Эльвира Тепез успела остановить руку своего мужа в тот самый момент, когда он занёс её для прощального щелбана Дирку ван Комбасту.

Они обошли все близлежащие дома в Липовом тупике, однако большинства соседей либо уже не было дома, либо они просто не открыли. На лице господина Тепеза отразилось разочарование.

– Вот чего я не понимаю: в Бистрине уже бы вся деревня гуляла, и половина бутылок карповки была бы пуста.

– Соседи в Германии – это нечто совсем иное, чем в Бистрине, – сказала госпожа Тепез, когда они возвращались домой.

– Твои щелбаны, кстати, здесь не идут на ура, – вставила Сильвания.

– Так полагается приветствовать знакомых по правилам приличия, – ворчал господин Тепез.

– В Трансильвании. Но не здесь.

Господин Тепез покачал головой:

– Если бы я не был женат на человеческой женщине и не знал бы людей, я бы сказал, что у всех них извращённые представления о правилах поведения.

Сильвания застонала, Дака захихикала, а госпожа Тепез шлёпнула мужа по руке. И они вошли к себе в дом.

Тепезы не заметили, как по соседству медленно и бесшумно закрылось окно.

Вниз по эскалатору

Сильвания натянула поглубже на лоб шляпу с полями от солнца. Кожа её блестела как стеатит. Госпожа Тепез не выпускала дочерей из дому, пока они не обмажутся как следует кремом от загара – светозащитный фактор 100 – с головы до пят. И пока не произнесут наизусть семь радикальных правил жизни полувампиров среди людей, которые им установила мать.

1. Не летать при свете дня.

2. Не есть ничего живого (и не перекусывать мухами, жуками и червяками).

3. Как следует защищаться от солнца (защитный крем, шляпа, солнечные очки и далее по списку).

4. Пиявки, комары, клещи и блохи, содержащиеся в качестве домашних животных, остаются дома.

5. Держаться подальше от зеркал, зеркальных фотоаппаратов и от чеснока.

6. Не применять сверхъестественных сил (таких, как гипноз, прослушивание или телепортация).

7. Еженедельно подпиливать зубы.

Пункт семь близняшки отработали ещё сегодня утром. Со времени первого подпиливания зубов в Бистрине клыки уже снова заметно подросли. У Даки и Сильвании они были не такими длинными, как у господина Тепеза, который скрывал их под лакричными усами, из-под которых они продолжали торчать и ввергать в ужас окружающих. Поэтому двойняшкам приходилось подпиливать их каждую неделю. Единственным неприятным во всём этом был скрежет напильника.

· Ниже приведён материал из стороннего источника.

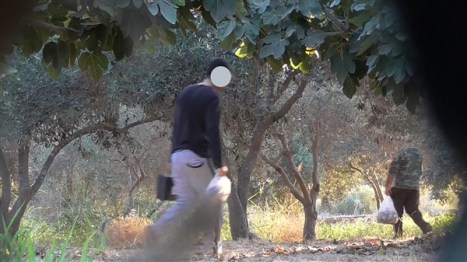 Two of the convicted trappers leaving the orchard, one with a huge bag of illegally killed birds.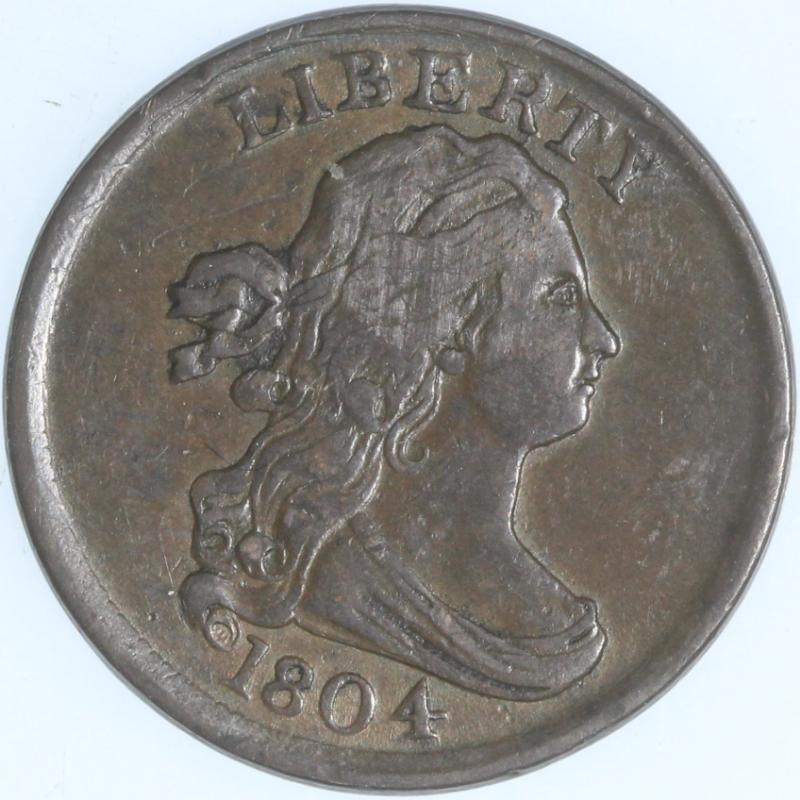 1804 Draped Bust Plain 4; No Stems VF+ lovely brown original. (Image)

Сильвания обтачивала клыки округло, а Дака, наоборот, заостряла, считая, что так выглядит круче. Кроме того, острые зубы были удобнее, когда требовалось вскрывать пластиковые пакеты, чесать себе язык или нанизывать мелкую закуску вроде мух (правда, тем самым Дака нарушала радикальное правило номер два, но она вообще не придерживалась правил с такой уж точностью).

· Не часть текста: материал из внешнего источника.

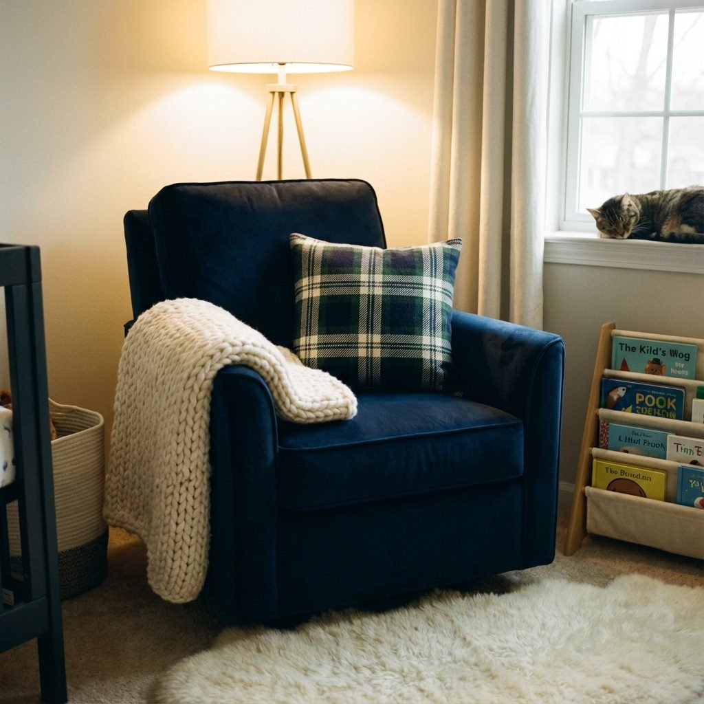 - Reading Light: A floor lamp next to the glider provides focused light for reading bedtime stories.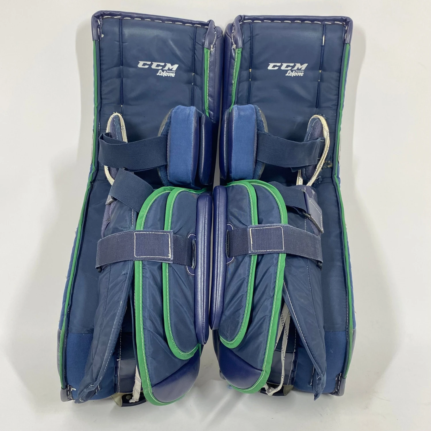 These are a pro stock set of goalie pads from an NCAA team in excellent condition with very little signs of use shown by general wear and some puck marks. There are no rips in the leather and all straps work as intended.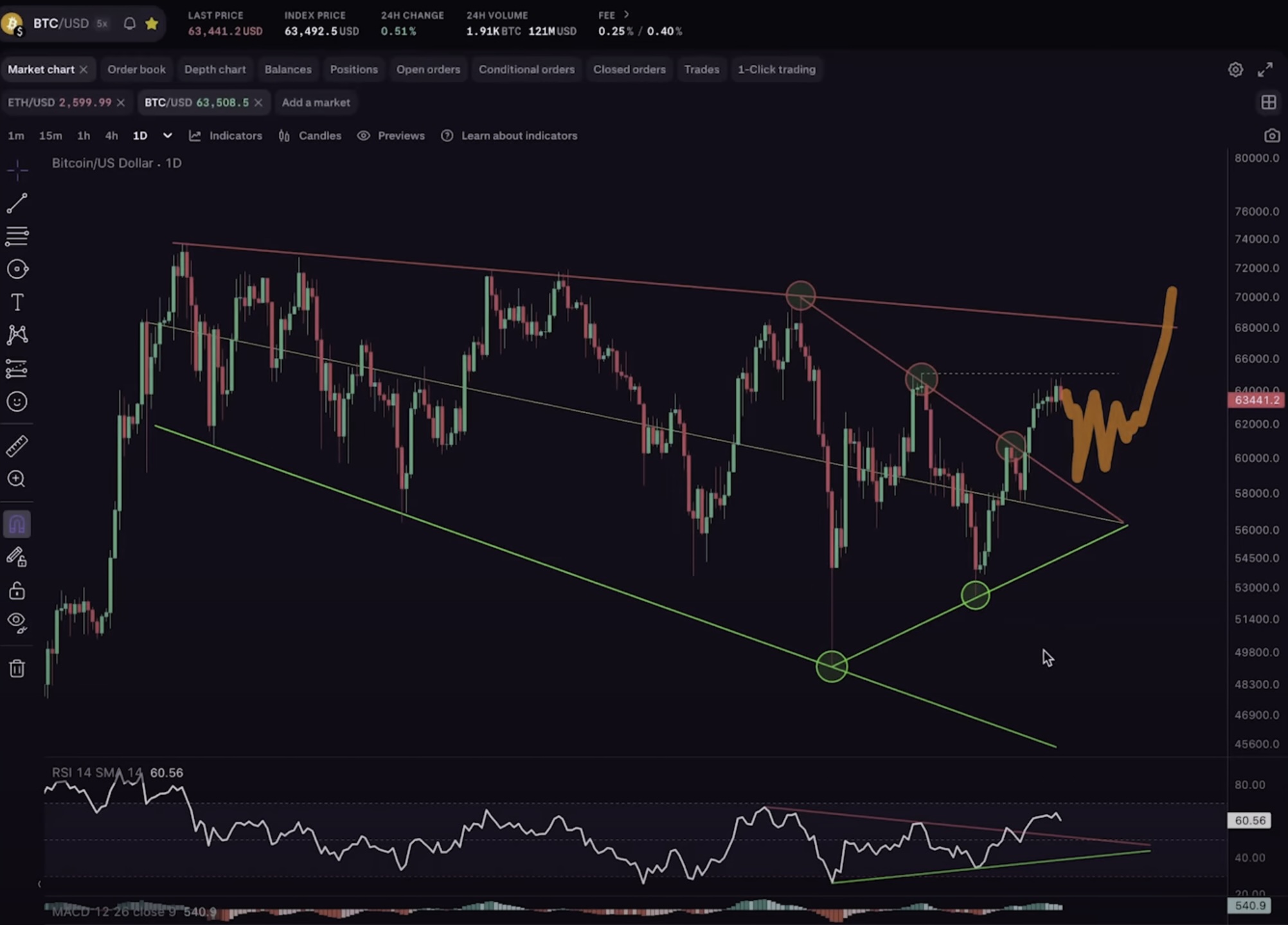 “But there is some downside risk in the short term, which would be Bitcoin retesting the breakout zone [around $58,000] and then settling up before actually getting a breakout, retesting the RSI (relative strength index) resistance as new support around that 50 level before getting to overbought levels. Those types of moves are always possible and shouldn’t be discounted. But in the long term that type of a move is really nothing.”

Итак, Сильвания и Дака, намазавшись кремом от солнца, со свежеподпиленными клыками и семью правилами в памяти, были наилучшим образом подготовлены к выходу в свет. Госпожа Тепез собиралась в центр присмотреть себе подходящее помещение для магазина. Господин Тепез предпочитал в это время дремать у себя в гробу.

Они шли вдоль Липового тупика. Проходя мимо дома № 21, Сильвания сказала сестре:

– Я нахожу этого Дирка ван Комбаста очень приятным человеком.

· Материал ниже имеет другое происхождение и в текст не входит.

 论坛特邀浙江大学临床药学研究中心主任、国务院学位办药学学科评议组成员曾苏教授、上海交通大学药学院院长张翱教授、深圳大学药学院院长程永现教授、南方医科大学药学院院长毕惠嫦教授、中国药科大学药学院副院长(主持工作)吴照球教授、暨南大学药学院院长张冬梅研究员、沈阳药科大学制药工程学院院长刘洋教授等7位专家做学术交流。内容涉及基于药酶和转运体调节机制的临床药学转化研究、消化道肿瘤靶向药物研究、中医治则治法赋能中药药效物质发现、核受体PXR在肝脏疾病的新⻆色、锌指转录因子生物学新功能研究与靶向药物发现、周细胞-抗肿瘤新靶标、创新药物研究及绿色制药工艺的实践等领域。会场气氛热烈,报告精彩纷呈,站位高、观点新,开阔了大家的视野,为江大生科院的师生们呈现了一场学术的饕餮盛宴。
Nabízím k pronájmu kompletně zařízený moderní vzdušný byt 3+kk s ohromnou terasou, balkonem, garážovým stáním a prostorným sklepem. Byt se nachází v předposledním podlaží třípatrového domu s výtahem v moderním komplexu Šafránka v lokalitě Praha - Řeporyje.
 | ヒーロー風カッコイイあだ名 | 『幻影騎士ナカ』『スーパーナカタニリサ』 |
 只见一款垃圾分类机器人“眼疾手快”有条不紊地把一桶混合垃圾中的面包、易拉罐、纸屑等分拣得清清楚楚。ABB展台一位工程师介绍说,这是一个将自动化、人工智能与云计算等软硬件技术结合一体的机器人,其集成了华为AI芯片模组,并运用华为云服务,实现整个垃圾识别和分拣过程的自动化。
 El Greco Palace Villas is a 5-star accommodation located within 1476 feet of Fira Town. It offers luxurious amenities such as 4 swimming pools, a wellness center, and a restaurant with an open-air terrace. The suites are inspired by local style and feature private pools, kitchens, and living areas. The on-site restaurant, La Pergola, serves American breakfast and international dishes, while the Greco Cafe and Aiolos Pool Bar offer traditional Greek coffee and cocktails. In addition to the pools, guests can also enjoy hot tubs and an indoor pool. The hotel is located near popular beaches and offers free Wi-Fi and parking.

– Приятным? Да он просто мерзкий, – возмутилась Дака.

Сильвания закатила глаза:

– Ты совсем не разбираешься в мужчинах. Он выглядит безумно хорошо!

– Зато воняет безумно плохо. Ты разве не заметила в облаке его парфюма примесь чеснока?

– Ах, ну разве что самую малость.

– А как он нас разглядывал своими кошачьими глазами? – Даку передёрнуло. – Мне от этого Компоста прямо дурно.

– Его зовут не Компост, а ван Комбаст. Он наверняка выходец из аристократического рода. Поэтому у него такие приятные манеры.

Дака фыркнула:

– Если тебя так легко обвести вокруг пальца, только назвав красивой дамой, ну тогда бой ноап.

– Я никому и нигде не позволю обвести себя вокруг пальца!

– Дака! Сильвания! Да идёте вы, наконец? – Госпожа Тепез своими мелкими шажками уже опередила двойняшек на несколько метров и обернулась к ним.

Девочки ускорили шаг.

– Да сколько же ещё идти до этого метро? А мы не могли бы полететь в центр города? – ныла Дака.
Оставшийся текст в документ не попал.